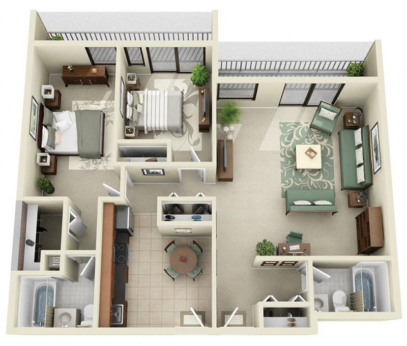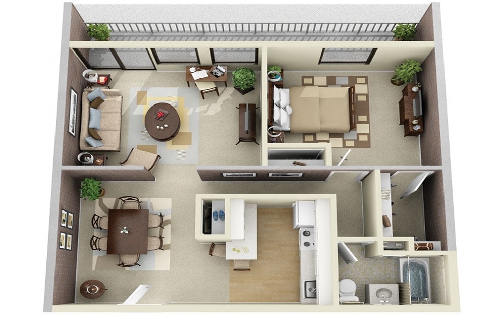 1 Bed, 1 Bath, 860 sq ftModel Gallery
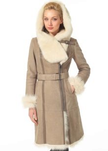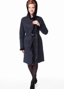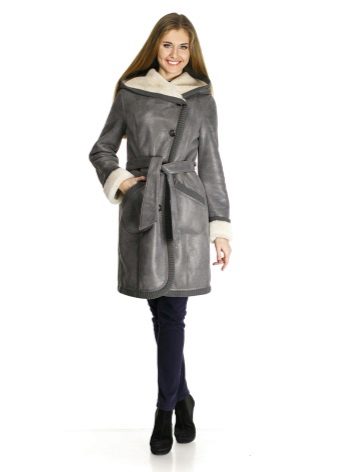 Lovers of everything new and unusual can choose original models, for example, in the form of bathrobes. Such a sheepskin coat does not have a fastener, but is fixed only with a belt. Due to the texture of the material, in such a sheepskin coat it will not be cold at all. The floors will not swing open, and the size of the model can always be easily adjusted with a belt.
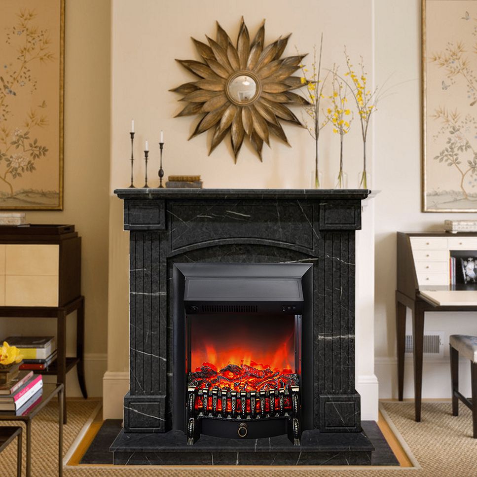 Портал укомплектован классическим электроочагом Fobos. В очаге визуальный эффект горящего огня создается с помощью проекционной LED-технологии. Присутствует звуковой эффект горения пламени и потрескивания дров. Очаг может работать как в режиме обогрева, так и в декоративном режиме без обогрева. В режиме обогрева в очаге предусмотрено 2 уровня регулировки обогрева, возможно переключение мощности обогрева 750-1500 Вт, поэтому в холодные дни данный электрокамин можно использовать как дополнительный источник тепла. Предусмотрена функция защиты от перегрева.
--
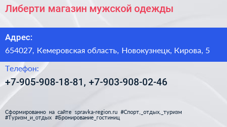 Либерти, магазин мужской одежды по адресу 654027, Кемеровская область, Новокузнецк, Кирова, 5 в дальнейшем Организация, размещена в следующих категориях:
* * *
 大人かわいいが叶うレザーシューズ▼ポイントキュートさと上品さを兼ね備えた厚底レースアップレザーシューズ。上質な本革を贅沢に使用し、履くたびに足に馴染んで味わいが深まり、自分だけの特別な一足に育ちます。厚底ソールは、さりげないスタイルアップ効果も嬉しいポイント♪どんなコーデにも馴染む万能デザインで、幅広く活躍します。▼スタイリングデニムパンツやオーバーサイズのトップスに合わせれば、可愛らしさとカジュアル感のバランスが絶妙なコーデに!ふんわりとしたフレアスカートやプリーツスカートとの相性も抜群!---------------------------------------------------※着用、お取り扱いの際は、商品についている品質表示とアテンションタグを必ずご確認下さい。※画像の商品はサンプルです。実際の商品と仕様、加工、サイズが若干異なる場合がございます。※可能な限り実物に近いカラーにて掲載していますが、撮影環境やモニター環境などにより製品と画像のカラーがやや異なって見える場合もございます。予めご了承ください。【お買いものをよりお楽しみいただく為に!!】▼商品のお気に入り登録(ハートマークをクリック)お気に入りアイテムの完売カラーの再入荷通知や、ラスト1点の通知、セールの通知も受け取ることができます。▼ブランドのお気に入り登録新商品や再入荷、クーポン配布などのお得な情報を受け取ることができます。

» **EXERCISE DETAILS**: Quote word for word only the lines above from the one containing "1 Bed, 1 Bath, 860 sq ftModel Gallery" through the one containing "Портал укомплектован классическим". Pictures stay out of your copy.

» **SOLUTION**:
 1 Bed, 1 Bath, 860 sq ftModel Gallery
 Lovers of everything new and unusual can choose original models, for example, in the form of bathrobes. Such a sheepskin coat does not have a fastener, but is fixed only with a belt. Due to the texture of the material, in such a sheepskin coat it will not be cold at all. The floors will not swing open, and the size of the model can always be easily adjusted with a belt.
 Портал укомплектован классическим электроочагом Fobos. В очаге визуальный эффект горящего огня создается с помощью проекционной LED-технологии. Присутствует звуковой эффект горения пламени и потрескивания дров. Очаг может работать как в режиме обогрева, так и в декоративном режиме без обогрева. В режиме обогрева в очаге предусмотрено 2 уровня регулировки обогрева, возможно переключение мощности обогрева 750-1500 Вт, поэтому в холодные дни данный электрокамин можно использовать как дополнительный источник тепла. Предусмотрена функция защиты от перегрева.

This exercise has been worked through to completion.